> [Task description]
Having located the line with "كان عن مُضِيِّه", print it and each remaining line exactly, stopping at the end of the material and omitting pictures.

> [Data]
____

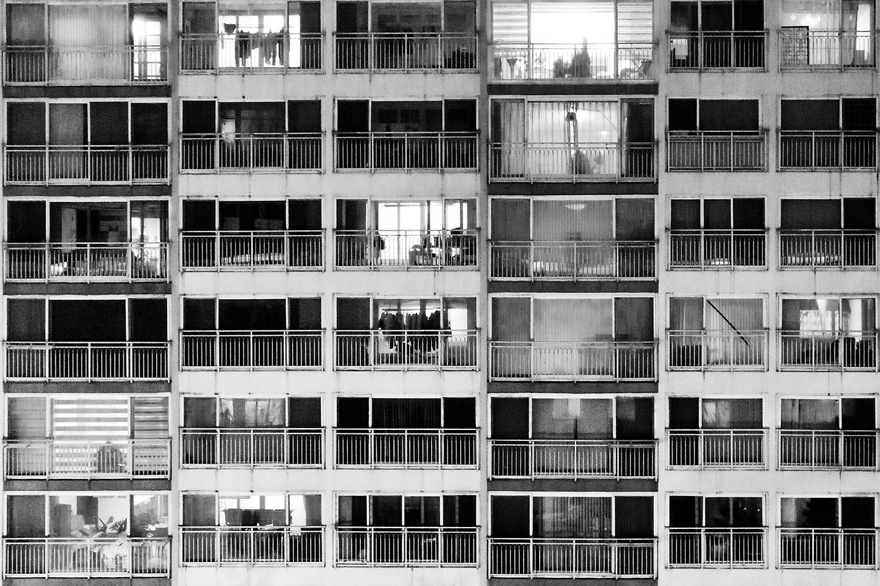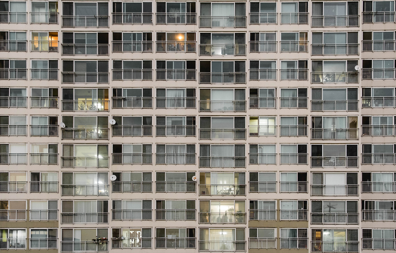 그럼에도 불구하고 아파트는 어느 정도 흥미롭다. 건축가로서는 같은 평면에 넣어진 사람들이 다르게 살아가는 방식을 관찰하는 것이 흥미롭고, 사진을 찍는 사람으로서는 같은 그리드로 깨끗하게 정렬된 창 안으로 다른 삶의 모습을 찍을 수 있다는 면이 흥미롭다.
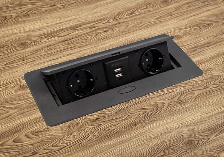 LIFT BOX multiprise rétractable automatiquement avec USB et chargeur à induction. L’unité est destinée à être installée dans les plans de travail de cuisine, de conférence, de bureau, et divers mobiliers. Il dispose de 3 prises 230V AC max 16A et 2 ports USB max 16A. 5V DC / 2.0A (total 10.5W) avec un chargeur inductif intégré. Caretéristiques : Tension : 230V. Charge max 3600W. Protection : IP20. Diamétre de perçage du montage : Ø93mm Longueur du câble 2m. Matière : PVC/Aluminium. Couleur : Noir Type USB : USB type A 586050
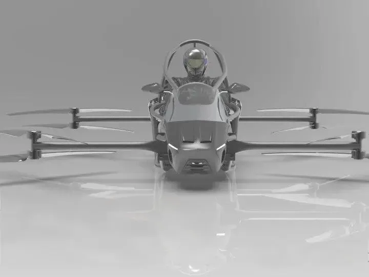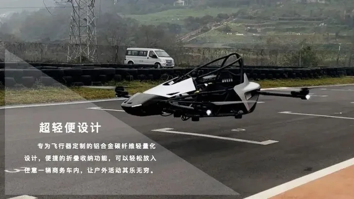 AnTG One是一款载人飞行器,在产品设计上,突破传统飞行器大载重、长续航路线,聚焦5-50米超低空娱乐场景。采用可折叠设计便于运输存储,展开后占地仅0.8平方米。主体框架使用航空级6061铝合金,外壳采用T800级碳纤维复合材料,整机重量控制在75公斤以内,最大载重达200公斤。
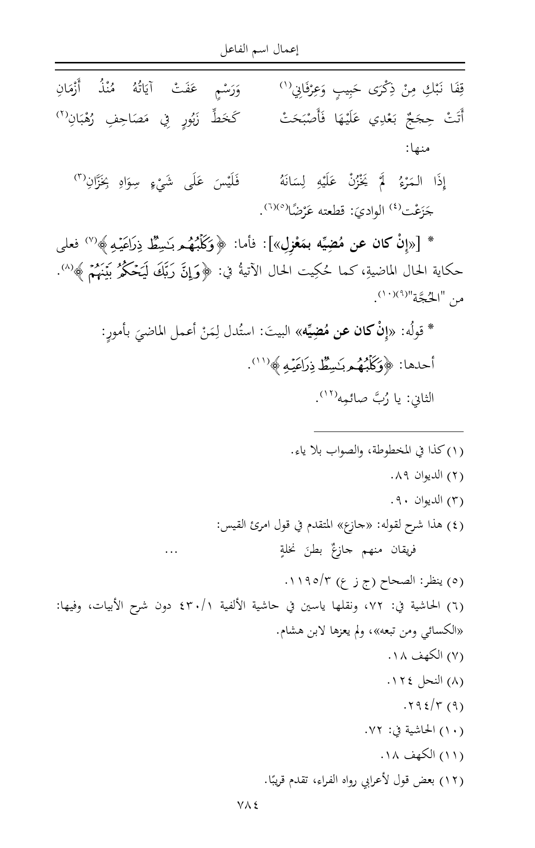 * [«إِنْ كان عن مُضِيِّه بمَعْزِلِ»]: فأما: {وَكَلْبُهُمْ بَاسِطٌ ذِرَاعَيْهِ} (¬٧) فعلى حكاية الحال الماضيةِ، كما حُكِيت الحال الآتيةُ في: {وَإِنَّ رَبَّكَ لَيَحْكُمُ بَيْنَهُمْ} (¬٨). من "الحُجَّة" (¬٩) (¬١٠).
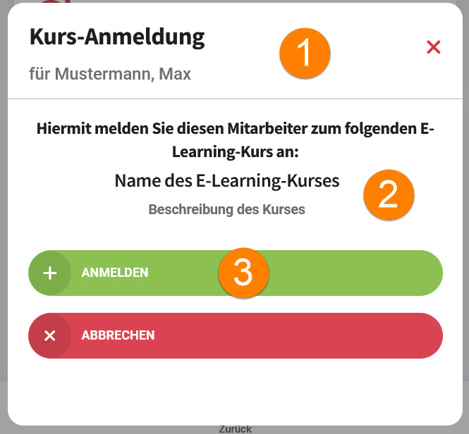 3.Button [Anmelden] meldet den Mitarbeiter für diesen E-Learning-Kurs an.
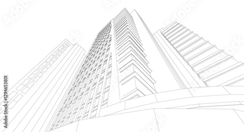 © Svitlana, Fototapeta premium Modern Skyscraper Wireframe. Futuristic Urban Architecture in Abstract Perspective
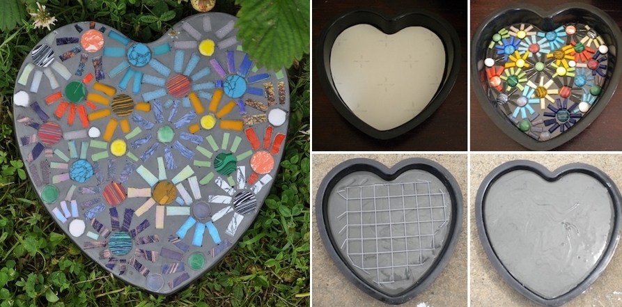 Một chiếc khuôn hình trái tim sẽ khiến bạn tạo được những khối bê tông nhỏ để lát lối đi một cách dễ dàng.

____

> [Answer below]
 * [«إِنْ كان عن مُضِيِّه بمَعْزِلِ»]: فأما: {وَكَلْبُهُمْ بَاسِطٌ ذِرَاعَيْهِ} (¬٧) فعلى حكاية الحال الماضيةِ، كما حُكِيت الحال الآتيةُ في: {وَإِنَّ رَبَّكَ لَيَحْكُمُ بَيْنَهُمْ} (¬٨). من "الحُجَّة" (¬٩) (¬١٠).
 3.Button [Anmelden] meldet den Mitarbeiter für diesen E-Learning-Kurs an.
 © Svitlana, Fototapeta premium Modern Skyscraper Wireframe. Futuristic Urban Architecture in Abstract Perspective
 Một chiếc khuôn hình trái tim sẽ khiến bạn tạo được những khối bê tông nhỏ để lát lối đi một cách dễ dàng.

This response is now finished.